‘Girl on a Chain Gang’ (1966)

That’s exploitation!


‘Girl on a Chain Gang’
The Film Detective and Something Weird Video
$24.95 (Blu-ray), $19.95 (DVD)
96 minutes plus special features
Not rated


By Mark Voger, author
‘Britmania: The British Invasion of the Sixties in Pop Culture’


 

It’s a low-budget exploitation quickie about a powder-keg topic made by a first-time director with no-name actors in which Long Island is passed off as the Deep South.

That may not sound promising, but then again, exploitation fans have a high tolerance for dubious productions.

Jerry Gross‘ “Girl on a Chain Gang” — out this week from The Film Detective and Something Weird Video — is a frequently hard-to-watch film. I’d call it “anger porn” with intermittent snatches of good stuff. My term alludes to the anger the viewer feels in watching innocent youths tormented, raped or murdered by supposed upholders of the law for the crime of passing through town.

A deputy (R.K. Charles) has a little fun with a local bad girl (Arlene Sue Farber).

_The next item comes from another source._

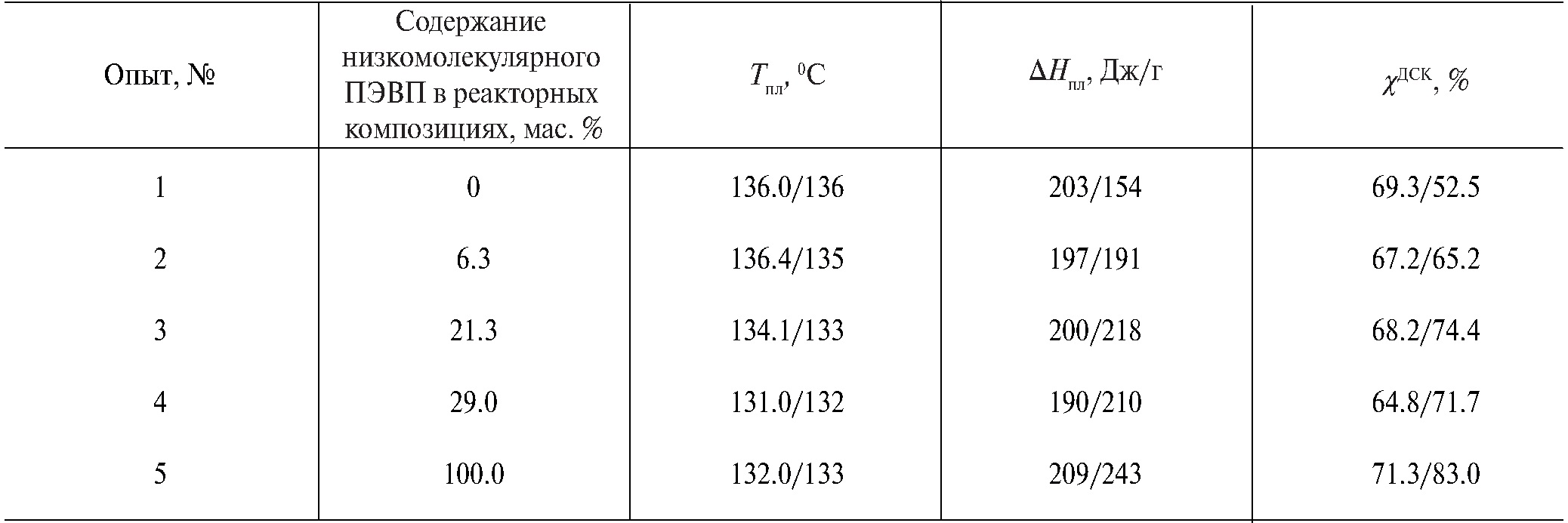Методом ДСК определены тепловые характеристики при втором плавлении (температуры плавления Tпл, энтальпии плавления ΔНпл и степени кристалличности χДСК для сверхвысокомолекулярного ПЭ, низкомолекулярного ПЭВП и композиций сверхвысокомолекулярный ПЭ/низкомолекулярный ПЭВП с различным содержанием низкомолекулярного ПЭВП (табл. 1).

Setup: Near a sign that says “Welcome to Carson’s Landing, a Small Friendly Town,” two beer-swilling deputies (R.K. Charles and Peter Nevard) pull over a convertible with three young people who don’t look like they’re from around here. The youths’ racial/gender makeup particularly offends the coppers. Jean (Julie Ange) and Ted (Ron Segal) are White, Artie (actor unidentified) is Black.

The deputies bring the three “suspects” — who happen to be Civil Rights activists — to their sadistic boss, Sheriff Sonny Lew (William C. Watson), and the real psychodrama begins. Sonny Lew verbally abuses them, assaults them, takes their cash, and then sets them free, later instructing his deputies to follow and re-arrest them. After the youths are incarcerated, Sonny Lew dispatches Nellie (Arlene Sue Farber), a local woman of ill repute, to Artie’s cell, where she offers her body to coerce him into signing a confession. Artie doesn’t bite, so to speak.

It all leads to a sham trial, with Jean — convicted of prostitution by a kangaroo court — being sentenced to work on a chain gang populated exclusively, until now, by Black men.

Deputies (Peter Nevard and Charles) harrass Civil Rights activists (Ron Segal, Julie Ange and an unidentified actor).

The black-and-white cinematography by George Zimmerman (who later shot 20 episodes of “Good Times”) is well executed, but the audio quality wavers. An actor named James Harvey, for whom “Girl on a Chain Gang” is his only apparent credit, plays two roles in the same sequence (!), as a testifying saloon owner and the trial judge. (The latter role is played for laughs, which would seem out of place, but somehow it works.) Watson, making his film debut here, went on to play the slave trader who captures Kunta Kinte (LeVar Burton) in the 1977 miniseries “Roots.”

Originally titled “Bayou,” “Girl on a Chain Gang” is loosely based on an infamous 1964 incident in Mississippi in which three members of CORE (Congress of Racial Equality) were shot and buried by Ku Klux Klan members, none of whom were convicted of murder. Does it seem like this movie exploited the tragedy? For better or (much) worse, that’s why their called “exploitation movies.”

The youths are tormented by sadistic Sheriff Sonny Lew (William C. Watson).

Much of the new home video release’s supplemental material focuses on Gross, an under-the-radar figure in the film world, except among exploitation fans. In the accompanying short doc “It’s All in the Title: Exploiting Jerry Gross,” narrator Chris Poggiali briskly lays out Gross’ multifaceted career on the fringes of cinema.

Gross (1940-2002) was a distributor — a hustler, really — who sometimes produced his own films, and honed a penchant for importing softcore and horror films, which he would tweak for American audiences. Gross was once married to Farber, a clever actress with a sultry look who starred in two softcore films he directed, “Teenage Mother” (1967) and “The Female Animal” (1970).

Among Gross’ softcore imports are “Inga,” “The Seduction of Inga” and “Fanny Hill” (all 1968). Horror films distributed by Gross include “I Eat Your Skin” (1971), “I Drink Your Blood” (1970), “I Spit on Your Grave” (1978) and “Zombie” (1979). Gross also put out blaxploitation films such as “The Black Six” (1973) and “The Black Godfather” (1974), and was behind the 1970 re-release of “Mondo Cane.”

In other words, this guy had just about every sub-category of exploitation covered. According to Poggiali, Gross lived out his final years as a presumed agoraphobic, and died at age 62 in a “skid row” hotel room.

Special features include audio commentary by author Jennifer Churchill; a booklet with an essay by Lisa Petrucci of Something Weird; and Ballyhoo Motion Pictures’ profile of Gross.